SOLO DOPO CHE E' SCHIATTATO PUOI CALCOLARE LE DISPONIBILI E LE LEGITTIME E DIVENTA COME SE FOSSE UNA SEMPLICE DISPOSIZIONE TESTAMENTARIA E NON PIU' LA DONAZIONE DI PARTENZA...

COSA DIVERSISSIMA INVECE PRIMA, QUANDO E' ANCORA IN VITA!

e dovevi tenta' de vennerla quanno l'hai avuta, come te sto a di' da secoli, cosi' facevi meno il cazzone...

ahahahahah


----------



## perplesso (18 Luglio 2012)

free ha detto:


> scusa, la donazione di beni mobili di non modico valore si deve fare per atto pubblico, dal notaio
> al cassiere si dice di segnalare la donazione, tanto è pubblica
> potrebbe essere ugualmente richiamata a far parte dell'asse ereditario, con il vantaggio che, però, trattasi di cifra certa, valuta e non valore
> ti pare?


mia cara,ma stai anche a ragionare con questo qui? 

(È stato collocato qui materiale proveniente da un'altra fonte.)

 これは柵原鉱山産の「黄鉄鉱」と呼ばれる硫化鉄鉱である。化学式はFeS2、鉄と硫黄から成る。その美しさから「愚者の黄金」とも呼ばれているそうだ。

adesso s'inventerà che però magari forse chissà.........:rotfl:


----------



## perplesso (18 Luglio 2012)

exStermy ha detto:


> ma lo vedi che sei un povero cojone?
> 
> ahahahahah
> 
> ...


le stime le fai apposta per capire se al momento giusto quell'operazione è se non fattibile almeno consigliabile....sennò non si chiamerebbero stime......cioè fai una proiezione di quello che sarà al momento in cui il babbo morirà.  secondo quelle che sono le disposizioni di legge vigenti.

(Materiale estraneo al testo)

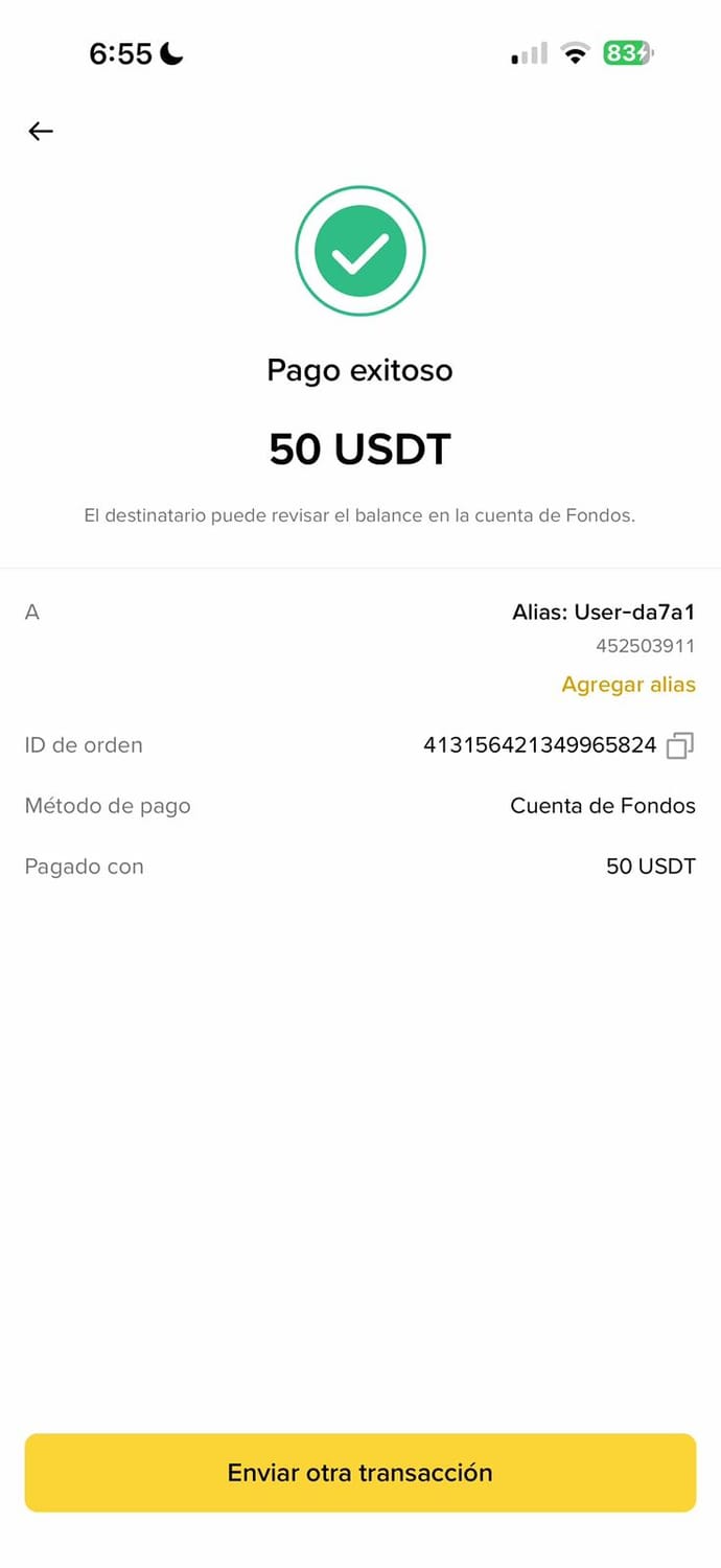 Cliente de Estados Unidos: 50 USD (Binance)

ed infatti la vendita è andata a buon fine con reciproca soddisfazione delle parti.

capisci sòlato?   si tratta di saper fare 2 conti ed informarsi preventivamente.

sennò si finisce come te.....sooooolaaaatoooooo!!!!:rotfl:


----------



## free (18 Luglio 2012)

perplesso ha detto:


> mia cara,ma stai anche a ragionare con questo qui?
> 
> adesso s'inventerà che però magari forse chissà.........:rotfl:



bè, in effetti ci sarebbe da dire che per apprezzare quale sia il modico valore è necessario fare riferimento al patrimonio globale del donante
il che vuol dire che, se questi è molto agiato, anche una cifra piuttosto rilevante potrebbe essere considerata modica


----------



## exStermy (18 Luglio 2012)

free ha detto:


> scusa, la donazione di beni mobili di non modico valore si deve fare per atto pubblico, dal notaio
> al cassiere si dice di segnalare la donazione, tanto è pubblica
> potrebbe essere ugualmente richiamata a far parte dell'asse ereditario, con il vantaggio che, però, trattasi di cifra certa, valuta e non valore
> ti pare?


ma le cifre di modico valore che se registrano?...

in famiglia bene o male ogni fratello sa cosa ha avuto lui e gli altri e poi al momento se li compensano...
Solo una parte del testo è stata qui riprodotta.